Programs can be tested from the interactive nodes, but anything left running for more than an hour will be killed automatically. Read the batch job submission tutorial when you are ready to run your jobs.

Windows

Windows does not have SSH capabilities built-in. Download PuTTY, Bitvise Tunnelier or MobaXterm. Enter hostname: liger.ec-nantes.fr. Click connect and enter your username and password when prompted. Once connected you can run commands.

Linux / Mac OS

Linux and Mac OS have SSH built-in. Use a terminal that opens a command prompt on the local system, you must now connect to liger.ec-nantes.fr Run

ssh -X <login>@liger.ec-nantes.fr

where <login> is your username. Once connected you can run commands.

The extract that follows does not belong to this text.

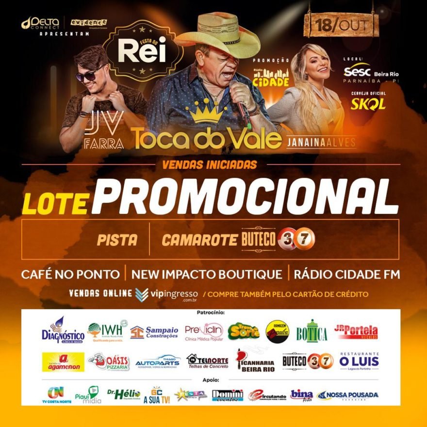 Iniciaram nesta segunda-feira (16/09) as vendas de ingressos antecipados para a Festa do Rei com Toca do Vale, Janaína Alves e JV Farra. Os postos autorizados são: Café no Ponto (centro), New Impacto Boutique e na Rádio Cidade FM.

Note that you may need to add the -X option to the above ssh command in order to enable transparent forwarding of X applications to your local screen (this assumes that you have an X server running on your local machine). The OpenSSH version of ssh sometimes requires that you use -Y instead of -X (try -Y if applications don't appear or die with errors). These options to ssh direct the X communication through an encrypted tunnel, and should “just work”. In the bad old days before ssh the highly insecure method of persuading X windows to display on remote screens involved commands such as xauth and xhost - you do not and never will need to use either of these with ssh, and if you try to use them you may open up everything you type (including passwords) to be read, and even changed, by evil-doers.

Common Command Line Tools

If you're new to using a shell, look over this list of common commands and if you're really curious about what can be done here is a comprehensive list of shell commands.

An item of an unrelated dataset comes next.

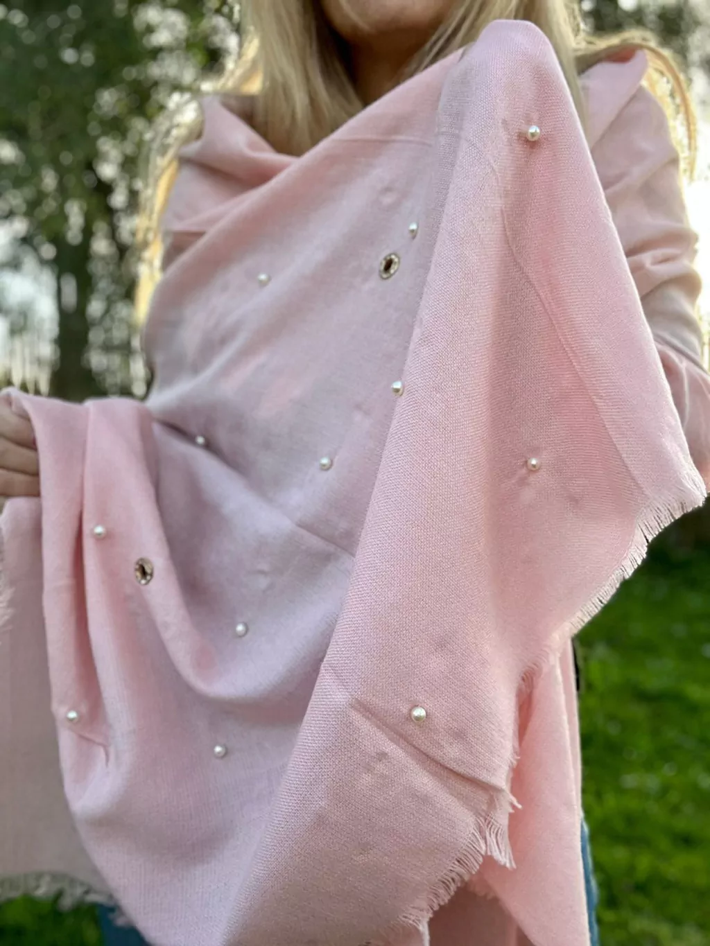 Bufandon de lanilla de 2 m de largo por 0, 75 cm de ancho con perlitas y circulos en metal dorado con mini strasses

More details about the access environment

XCS Web Portal

The extreme factory computing studio (XCS) secure portal gives users and system administrators alike direct access to all resources and applications. The user interface is born out of a continual dialogue between Bull and its customers, so extreme factory computing studio truly reflects users’ expectations when it comes to HPC applications. Once a user is logged on, he or she can access a complete work environment, customized for their job role and applications. From there, they can load and manage data, set parameters for the simulation, run the calculation, track its progress, and then proceed to post-processing and visualization of results.

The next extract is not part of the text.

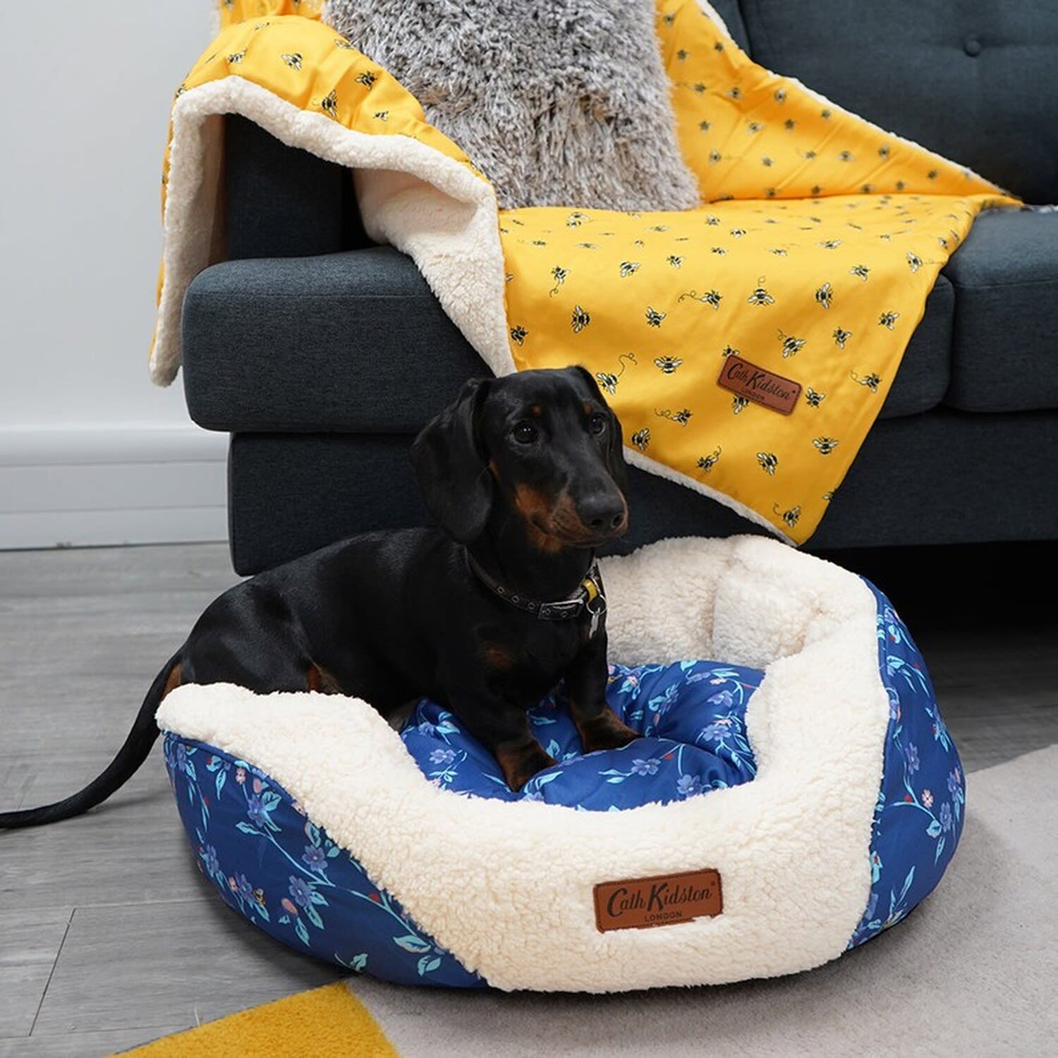 A stylish blue flower and bee print pet bed made in the UK with designer brand Cath Kidston. The thick plush material provides warmth and comfort for your dog. Finished with a branded leather label. A non-slip base makes this bed suitable for hard flooring. Machine washable at 30 degrees and has a non-slip base.

Use the same username/password credential to access to XCS portal when connecting to the login SSH node for interactive session. To connect you browse the following url link:

https://liger.ec-nantes.fr

As a single gateway to the HPC environment, extreme factory computing studio simplifies the handling and management of an HPC cluster, and lets you focus on the actual calculation and results.

Password

It is possible to change your initial password on the XCS web portal or using the script Ichpasswd on a login node. Note that the security of both users' data and the service itself depends strongly on choosing the password sensibly, which in the age of automated cracking programs unfortunately means the following:

  • Use at least 10 characters
  • Use a mixture of upper and lower case letters, numbers and at least one non-alphanumeric character
  • Do not use dictionary words, common proper nouns or simple rearrangements of these
  • Do not use family names, user identifiers, car registrations, media references,…
  • Do not re-use a password in use on another system (this is for damage limitation in case of a compromise somewhere).
  • Passwords should be treated like credit card numbers (and not left around, emailed or shared etc). The above rules are similar to those which apply to systems elsewhere.

More about password

Remote desktops

It is also possible to connect to a remote VNC desktop session on a Liger login node. Please see the page on XCS Web Portal for details.

Filesystems

Please see here for a brief summary of available filesystems and the rules governing them and the storage policy related.

File transfers

Please refer to support before transfering big data from login nodes.
ICI-SC does not have a dedicated transfer data server with high rate bandwidth

Any method of file transfer that operates over SSH (e.g. scp, sftp, rsync) should work to or from liger, provided SSH access works in the same direction. Thus systems from which it is possible to login should likewise have no difficulty using scp/sftp/rsync, and from Liger out to remote machines such connections should also work provided the other system does not block SSH (unfortunately, some sites do, and even more unfortunately, some even block SSH coming out). In whichever direction the initial connection is made, files can then be transferred in either direction. Note that obsolete and insecure methods such as ftp and rcp will not work (nor should you wish to use such things).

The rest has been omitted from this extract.